§ **Records shown**:
--------
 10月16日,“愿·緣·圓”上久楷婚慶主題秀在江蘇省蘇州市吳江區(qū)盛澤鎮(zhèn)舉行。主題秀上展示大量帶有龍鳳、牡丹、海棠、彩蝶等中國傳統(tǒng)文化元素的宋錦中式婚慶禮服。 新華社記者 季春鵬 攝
--------
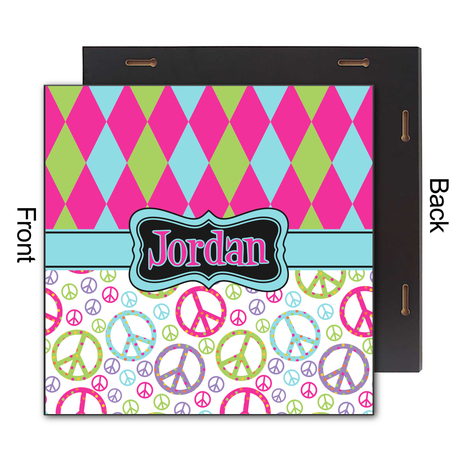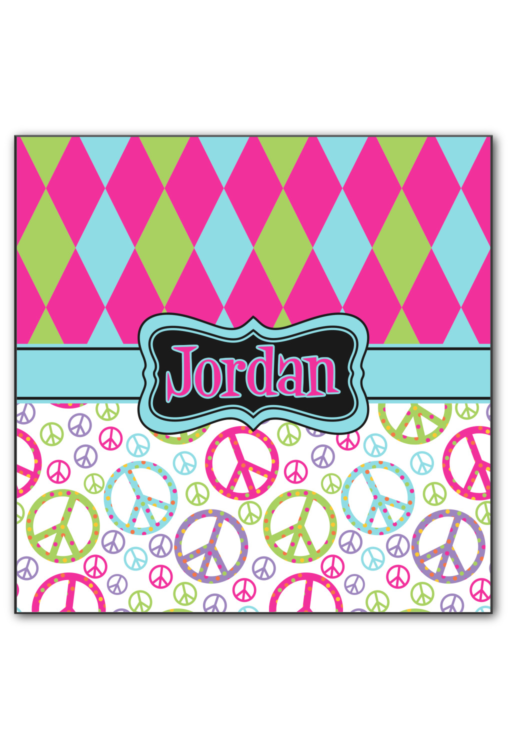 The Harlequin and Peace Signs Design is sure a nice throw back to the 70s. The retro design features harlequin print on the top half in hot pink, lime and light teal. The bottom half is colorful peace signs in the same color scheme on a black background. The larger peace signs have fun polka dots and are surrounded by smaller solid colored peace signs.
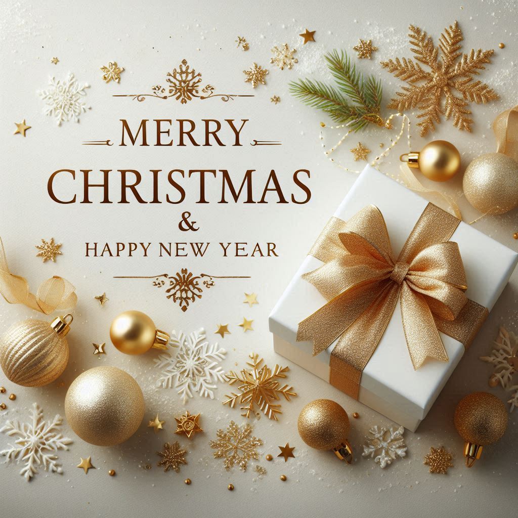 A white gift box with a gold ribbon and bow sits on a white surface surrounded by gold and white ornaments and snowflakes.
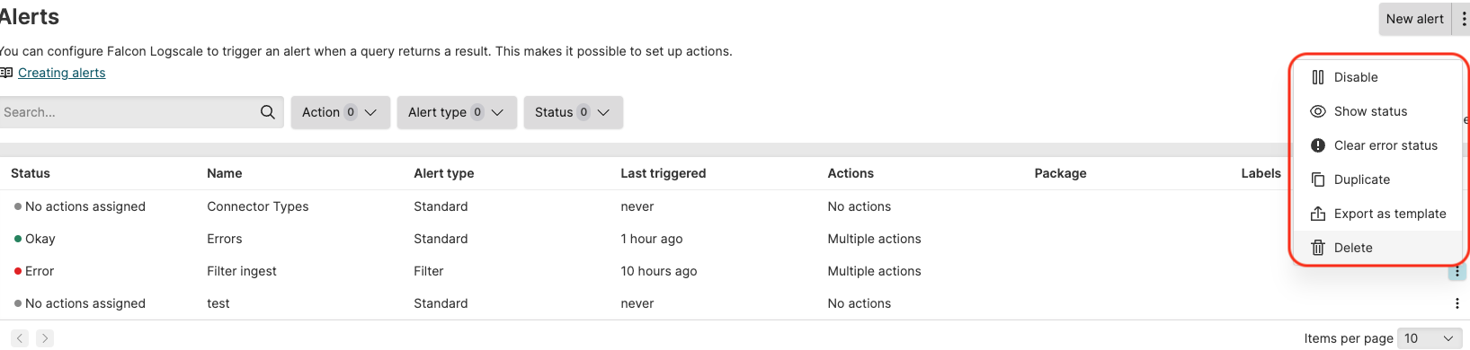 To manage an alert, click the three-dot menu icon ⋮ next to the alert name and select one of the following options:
--------
§ **About this exercise**:
Starting at the line above that holds "The Harlequin and", return each line up to and including the one that holds "To manage an", exactly as written, minus any pictures.

§ **Output of the exercise**:
 The Harlequin and Peace Signs Design is sure a nice throw back to the 70s. The retro design features harlequin print on the top half in hot pink, lime and light teal. The bottom half is colorful peace signs in the same color scheme on a black background. The larger peace signs have fun polka dots and are surrounded by smaller solid colored peace signs.
 A white gift box with a gold ribbon and bow sits on a white surface surrounded by gold and white ornaments and snowflakes.
 To manage an alert, click the three-dot menu icon ⋮ next to the alert name and select one of the following options:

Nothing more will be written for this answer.